MEMORANDUM OPINION AND ORDER
THIS MATTER comes before the Court on Motion to Exclude Witness Joseph Otero Testimony, filed March 22, 2018 (Doc. 2141)(“Motion”). In the Motion, Defendant Christopher Chavez asserts that, “[o]n March 21, 2018, FBI Special Agent Leysha Lopez Recci interviewed Joseph Otero,” which “produced an FBI 302” that “was entered on March 22, 2018,” but was not provided to Chavez until April 12, 2018. Motion at 2. Chavez contends that “[t]he contents of the 302 were statements heretofore not previously attributable to any 302, state investigative report or transcript from any hearing.” Motion at 2. Chavez reproduces, in his Motion, the portion of the Otero 302 that he finds objectionable:
GARZA was killed pretty early in the morning, around the time that the cell[s] were unlocked. Christopher CHAVEZ aka “Critter,” Eugene MARTINEZ, and Allen PATTERSON, aka “Trigger,” killed GARZA. When OTERO looked into GARZA'S cell, CHAVEZ was Holding [sic] GARZA and strangling him, and MARTINEZ and PATTERSON were attacking him too. GARZA was killed because he was a member of Los Carnales gang. OTERO did not agree with this. OTERO was never a member of the SNM, however he was sometimes seen as one of them because he was housed with SNM members. To this day, OTERO remembers the look on GARZA's face as if begging for help.

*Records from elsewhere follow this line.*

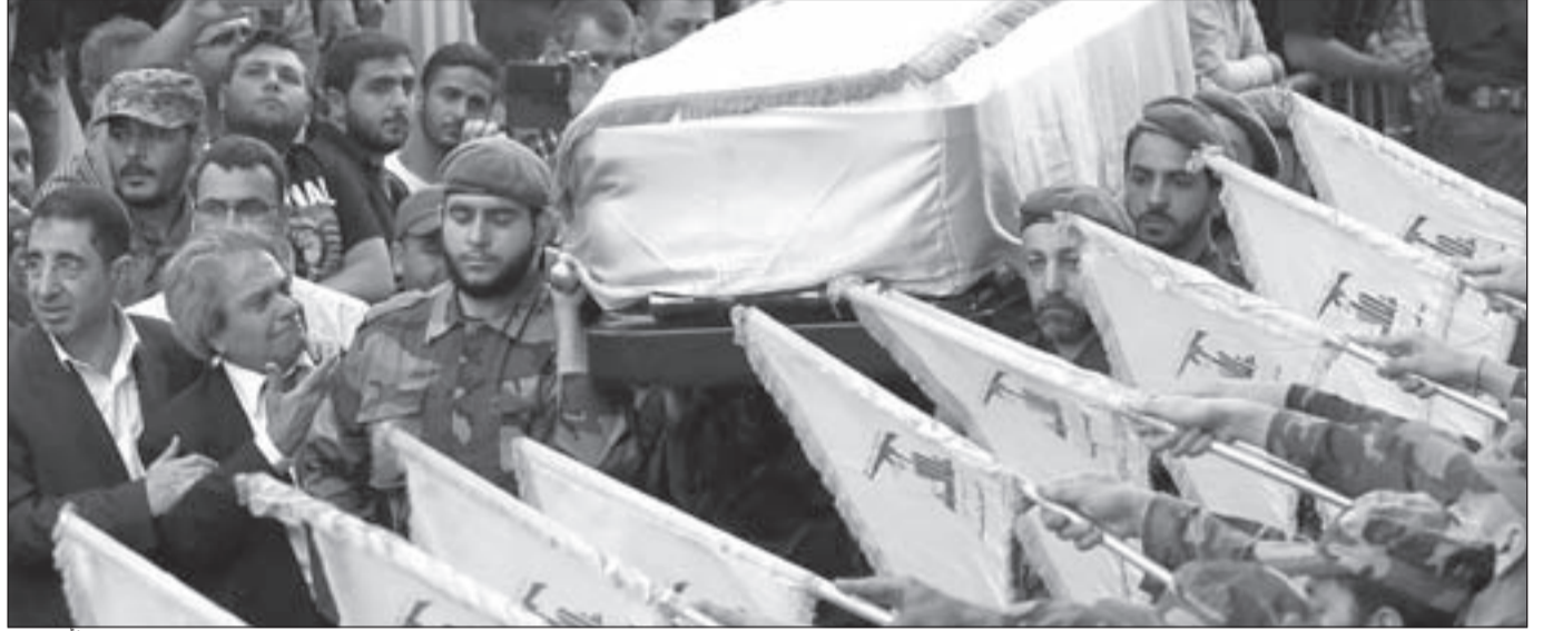
من مراسم تشييع القائد الجهادي الشهيد مصطفى بدر الدين

وكان المقصود تصفية سليمان نفسه، الذي لم يكن موجوداً حينها في سورية. وربط بالأمر، لفتت المصادر إلى أن مشاورات حثيثة تجري بين طهران وموسكو، التي نقلت رسالة إيرانية «من العيار الثقيل» إلى واشنطن، مفادها «وصلت الرسالة. وردنا لن يقف عند هذا الحد».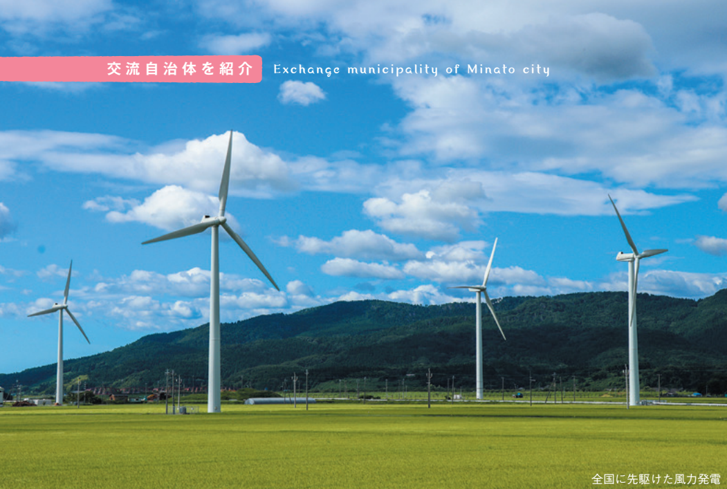
全国に先駆けた風力発電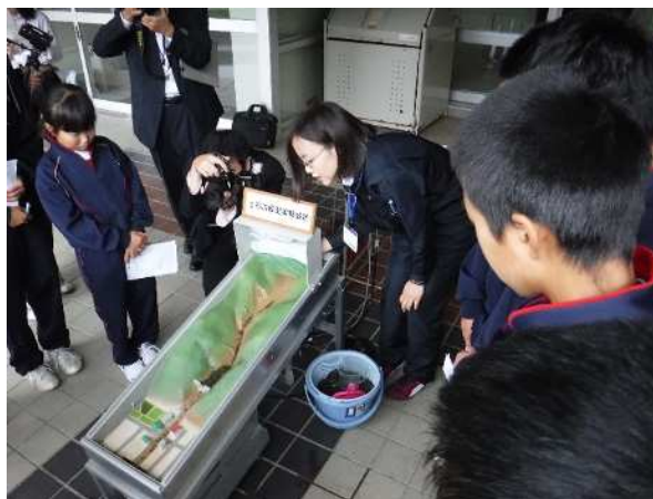
←模型実験で土石流と砂防堰堤の効果を確認

Motion at 2 (quoting DeLeon 61816-61817). Chavez argues that Plaintiff United States of America's April 12, 2018 disclosure violated the Court's March 26, 2018, deadline for disclosure under the Jencks Act, 18 U.S.C. § 3500,1 so he “proposes the Court prohibit and preclude Joseph Otero to testify consistent with the contents of the aforementioned FBI 302.” Motion at 3.2
Prohibiting Otero to testify about the matters that the Otero 302 contains, however, is not an appropriate remedy for the Otero 302's delayed disclosure. The United States complied with the Jencks Act even if it did not comply with the Jencks deadline to which it agreed -- March 26, 2018 -- because it produced the Otero 302 before Otero completed testifying on direct examination. See 18 U.S.C. § 3500(b). Consequently, the Jencks Act's draconian remedial provision -- which states that, in the event of a Jencks Act violation, “the court shall strike from the record the testimony of the witness, and the trial shall proceed unless the court in its discretion shall determine that the interests of justice require that a mistrial be declared” -- does not apply. 18 U.S.C. § 3500(d). Further, the United States Court of Appeals for the Tenth Circuit has declared that, notwithstanding the Jencks Act's mandatory phrasing, “[t]he Jencks Act does not require a striking of testimony or the declaring of a mistrial for every failure to comply.” United States v. Heath, 580 F.2d 1011, 1019 (10th Cir. 1978). Instead, “[t]he remedy or sanction in each instance is for the trial court to impose.” United States v. Heath, 580 F.2d at 1019. “Courts have found that late disclosure caused no prejudice in instances where an opportunity for full cross-examination had been provided and where the trial court found no bad faith on the prosecutor's part.” United States v. Heath, 580 F.2d at 1019.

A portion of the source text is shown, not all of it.